On completion of any site sanded and coated timber floor it’s helpful to check with your flooring contractor and the coating manufacturer’s product information to confirm the following 5 important points:

  • When is it safe to walk across the floor?
  • When is it safe to move furniture onto the floor?
  • When
  • may I cover certain portions of the floor with carpets or rugs?
  • When
  • can I safely begin cleaning the floor with moisture?
  • What
  • should I use to clean my floor?

Most sanders become very familiar with the coating products they use and should be proactive in providing you with the answers to the above questions and suitable cleaning and maintenance care instructions.


The seven main considerations of coatings selection are:

  • Health effects on the premises occupants, pets, visitors, and the person applying the coatings
  • Aesthetic variables, such as the hue impact on various timbers and gloss levels
  • Slip and wear resistance, low or high maintenance requirements, and so forth are examples of functional qualities.
  • Application user friendliness for sanders and finishers, taking into account wet edge time, tannin and application mark resistance, surface quality, pot life, one or two pack mix time, and waste issues, among other things.
  • Cost
  • Productivity when returning to the site to coat the floor.
  • Re-occupancy time refers to how long it will take for the premises to be ready to be re-occupied in terms of occupant health and coating curing.
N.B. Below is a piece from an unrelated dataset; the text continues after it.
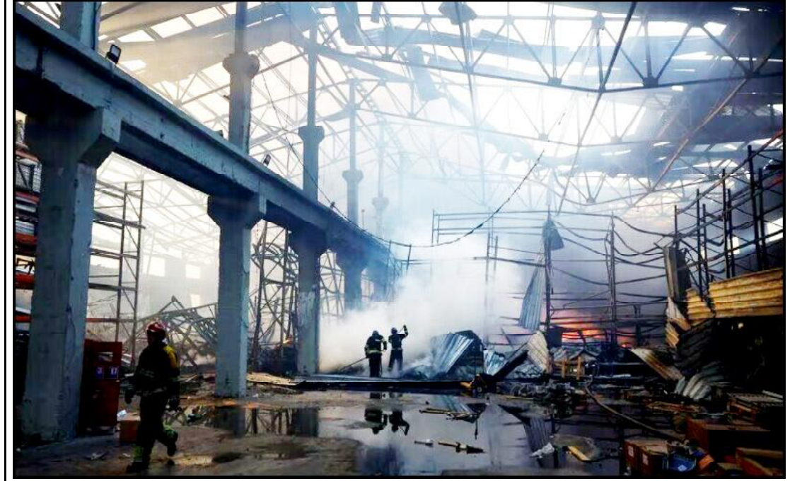
Rescuers work at the site where a residential building was damaged during a Russian missile and drone strike, amid Russia's attack on Ukraine, in Odesa, Ukraine

One person was confirmed dead at a warehouse in Kyiv, Mayor Vitali Klitschko said, revising down an earlier toll of two. Residential buildings and an uninhabited building were also hit, a senior military official said.

Coatings can vary significantly across and between classes.

Coating performance varies significantly among coating types, such as waterborne to solventborne polyurethane (PU), oil modified urethane (OMU), sealers, one and two packs (1k and 2k), and so on. Performance can also vary significantly within a coating class, such as fast dry sealers, waterborne one packs, and so on.

Functional performance is typically measured after occupancy and covers variables such as wear resistance, slip resistance, ease of maintenance, edge bonding issues, client health impact, and so on. On-floor performance is related to actual on-the-job performance variables as listed below.Understanding the vagaries of a coating type can assist in ensuring the best outcome of a quality finish and having a satisfied customer.

Factors that can impact the on-floor performance of a coating include:

  • Temperature and humidity of both the room and the floor surface.
  • Tannins and extractables content and kind are features of timber species.
  • The age and storage history of the coating prior to application
  • Premixing before use.
  • The phasing, settling, or floating of additives in the coating
  • Sanding and application tools.
  • Coatings Application Technique

The following information applies to the following coatings classes: solventborne polyurethane one (moisture cured or MC) and two pack, waterborne polyurethane (WBPU) one and two pack, and oil modified urethanes (OMUs). However, with the recent increase in the popularity of hard wax oils, some inclusion has occurred. It is also meant to serve as a reference to help people understand how qualities can vary within a coating class based on the coating's normal properties.